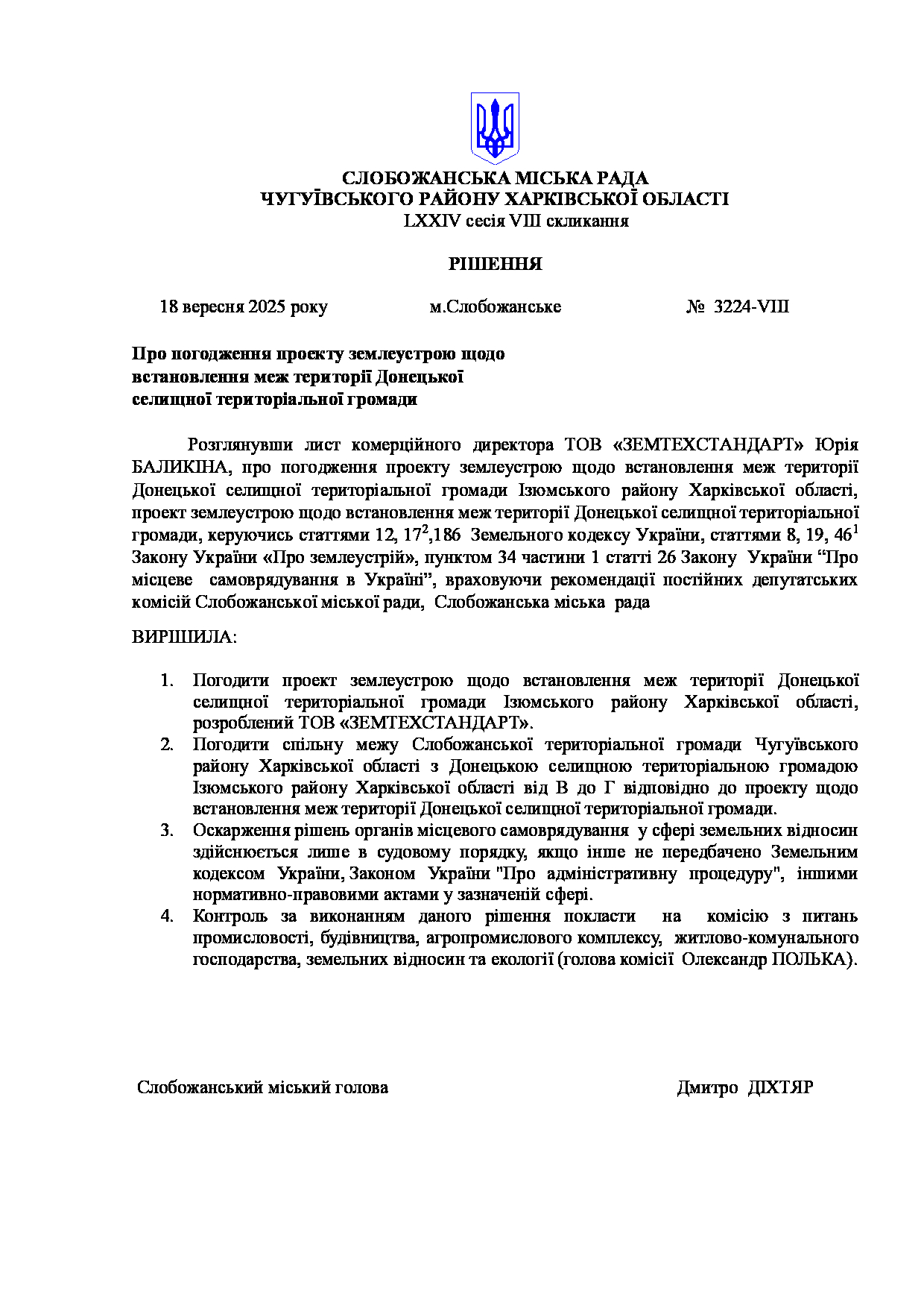 Текст рішення сесії №3224 Про погодження проекту землеустрою щодо встановлення меж території Донецької селищної територіальної громади.
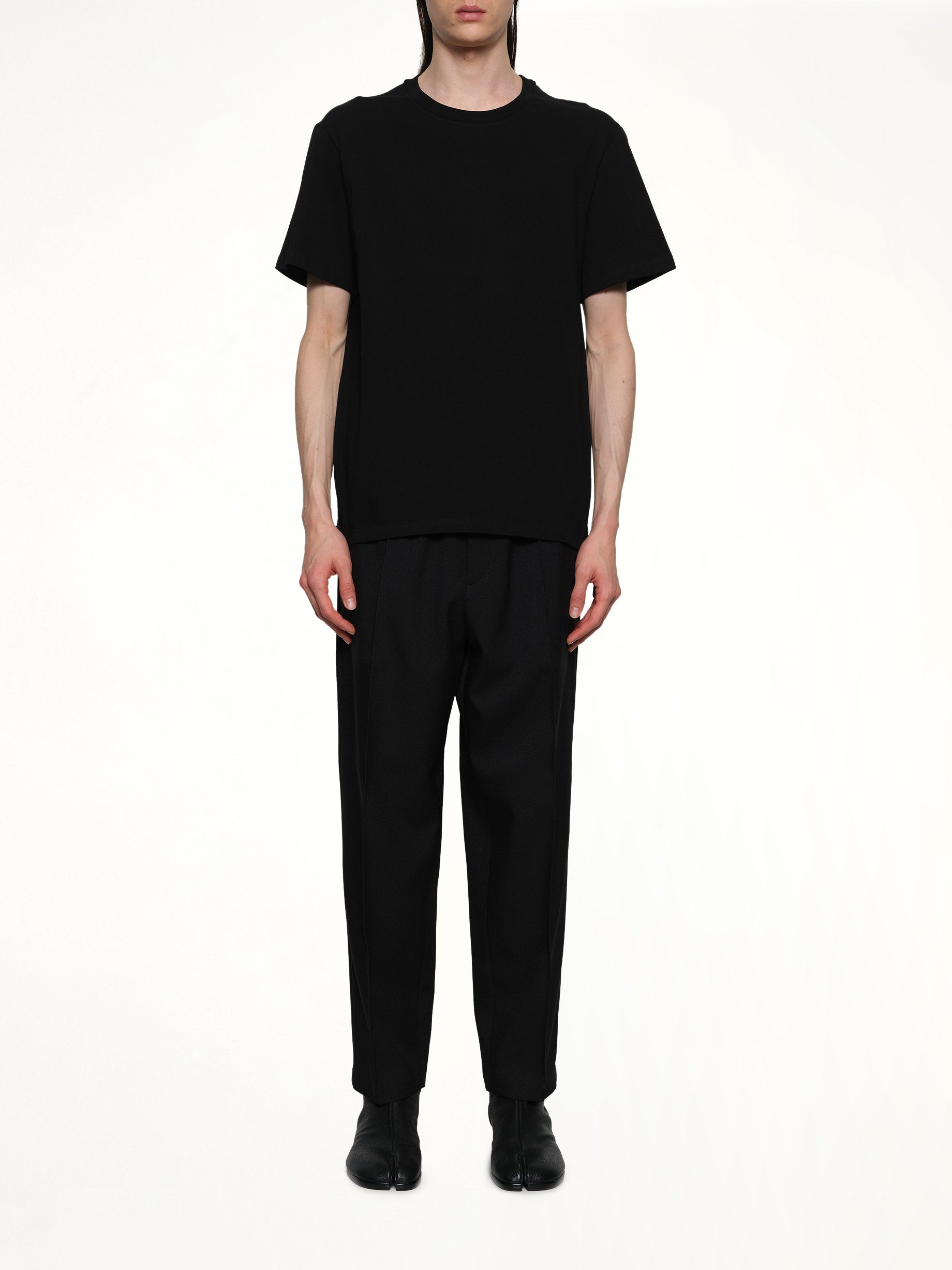 Jil Sander's Leather Patch T-Shirt in Black is a sophisticated blend of minimalism and modern design. This versatile piece is perfect for elevating your casual wardrobe with a touch of luxury.
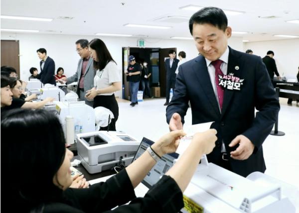 사전투표하는 서철모 대전 서구청장
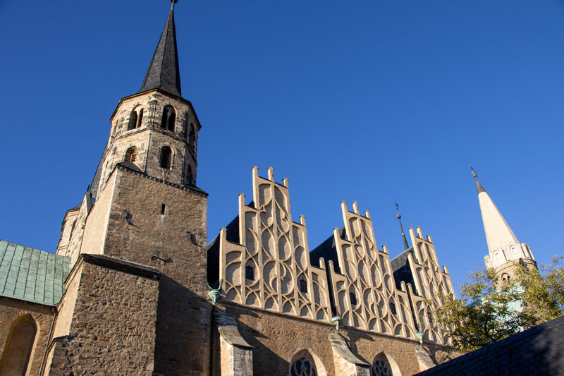 Merseburg hat einen Dom, der berühmt ist wegen des Domschatzes.
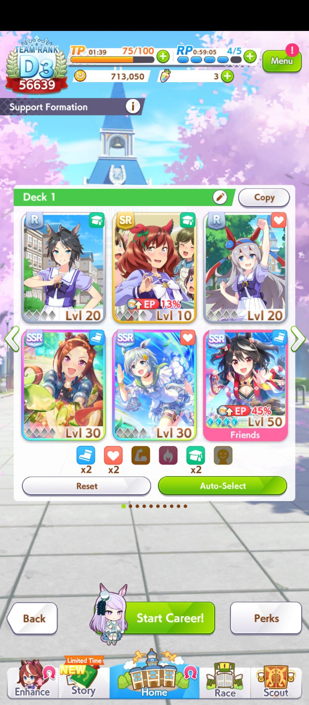 对于她的支持卡,请继续统计数据平衡, 你呢需要耐力、速度、智慧和力量卡帮助她达到最佳数量。既然你需要速度技能,重点关注这些卡牌。
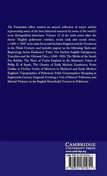 The Transactions offers readers an annual collection of major articles representing some of the best historical research by some of the world's most distinguished historians. Volume 12 of the sixth series takes the theme 'English politeness: conduct, social rank and moral virtue, c.1400¿c.1900' as its main focus and includes England and the Continent in the Ninth Century, and includes papers on the following: Ends and Beginnings; Some Pardoners' Tales: The Earliest English Indulgences; Travellers and the Oriental City, c.1840¿1920; The Myths of the South Sea Bubble; The Place of Tudor England in the Messianic Vision of Philip II of Spain; The Charity of Early Modern Londoners; From Civilitas to Civility: Codes of Manners in Medieval and Early Modern England; Topographies of Politeness; Polite Consumption: Shopping in Eighteenth-Century England; Creating a Veil of Silence? Politeness and Marital Violence in the English Household; Courses in Politeness.
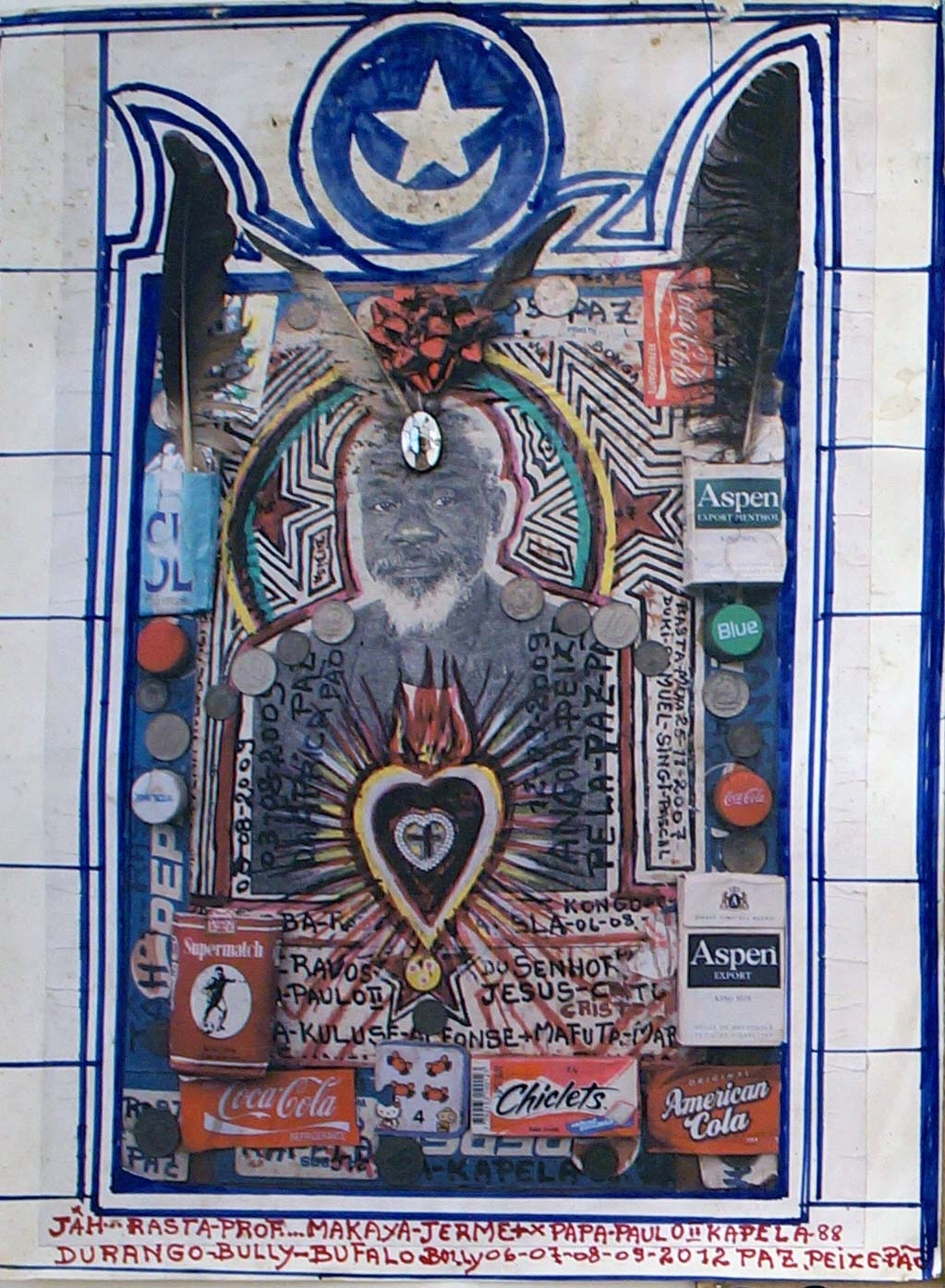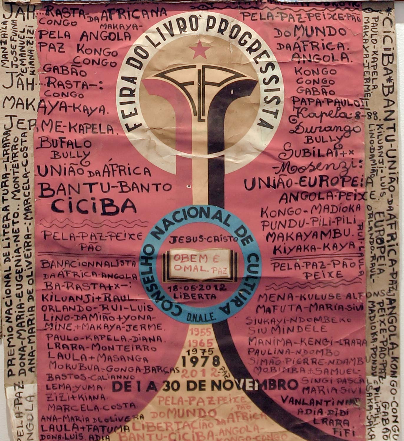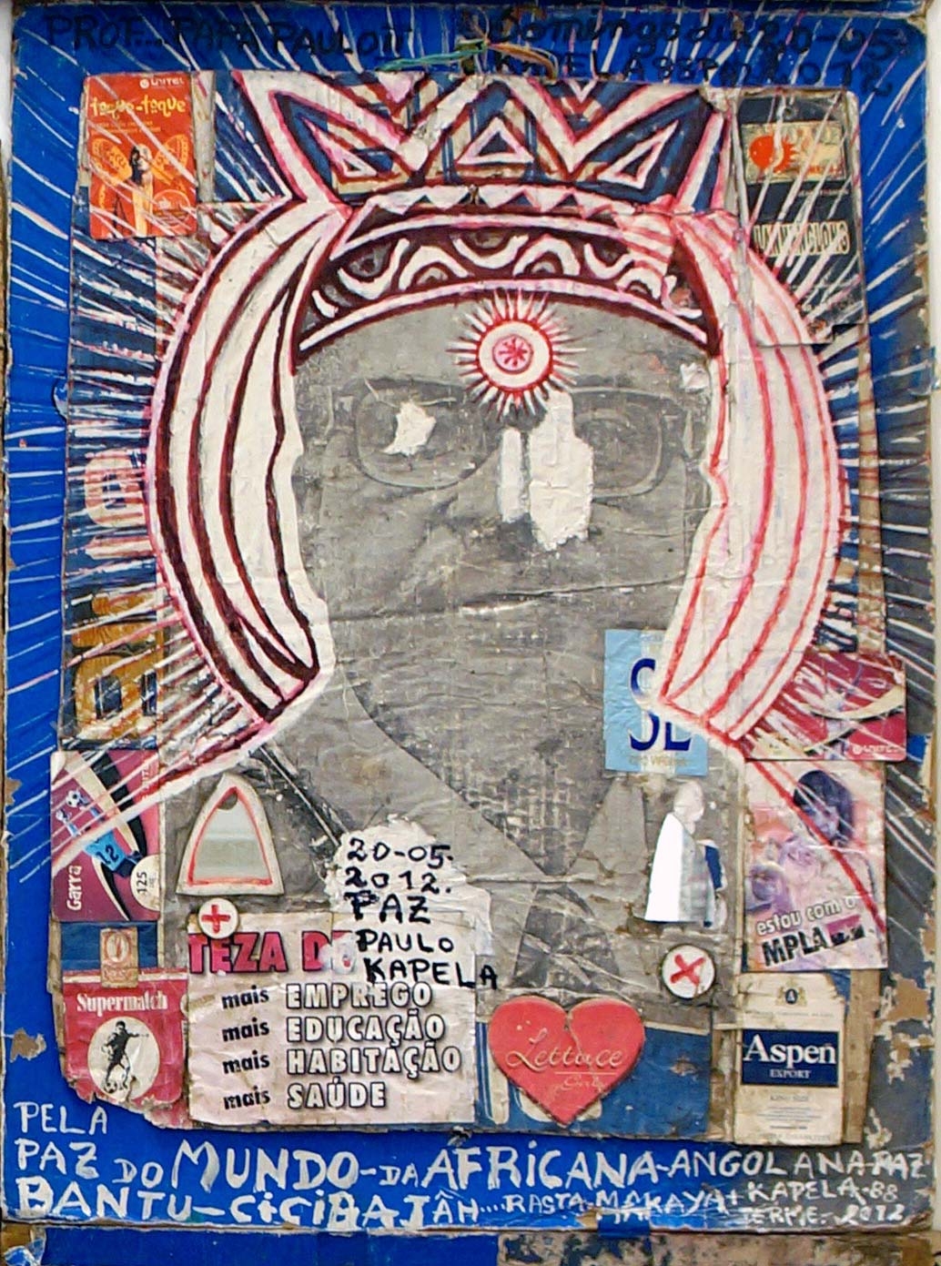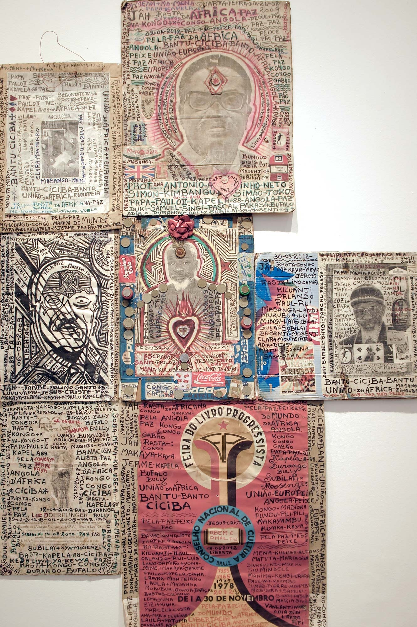 Mestre Paulo Kapela was born in the Province of Uige, Angola. First and foremost a self-directed artist, Kapela began painting in the early 1960s upon enrolling at the Poto-Poto School of Painting in Brazzaville, Republic of Congo. He finally settled in Luanda and opened his atelier where he met a number of artists, who later became active and important members of UNAP (the National Union of Visual Artists). Kapela is known for iconic works such as the installations of altars, and for the use of collage, text and narrative to produce complex pieces that intertwine his own personal story of migration between Luanda and the Congo, between being simultaneously a local and a foreigner within the historical framework of Angolas politics.

##########

■ Task requirements ■
Write out the lines above from the one with "Merseburg hat einen" through the one with "对于她的支持卡,请继续统计数", ends included, exactly; no picture goes in.

■ Response ■
 Merseburg hat einen Dom, der berühmt ist wegen des Domschatzes.
 对于她的支持卡,请继续统计数据平衡, 你呢需要耐力、速度、智慧和力量卡帮助她达到最佳数量。既然你需要速度技能,重点关注这些卡牌。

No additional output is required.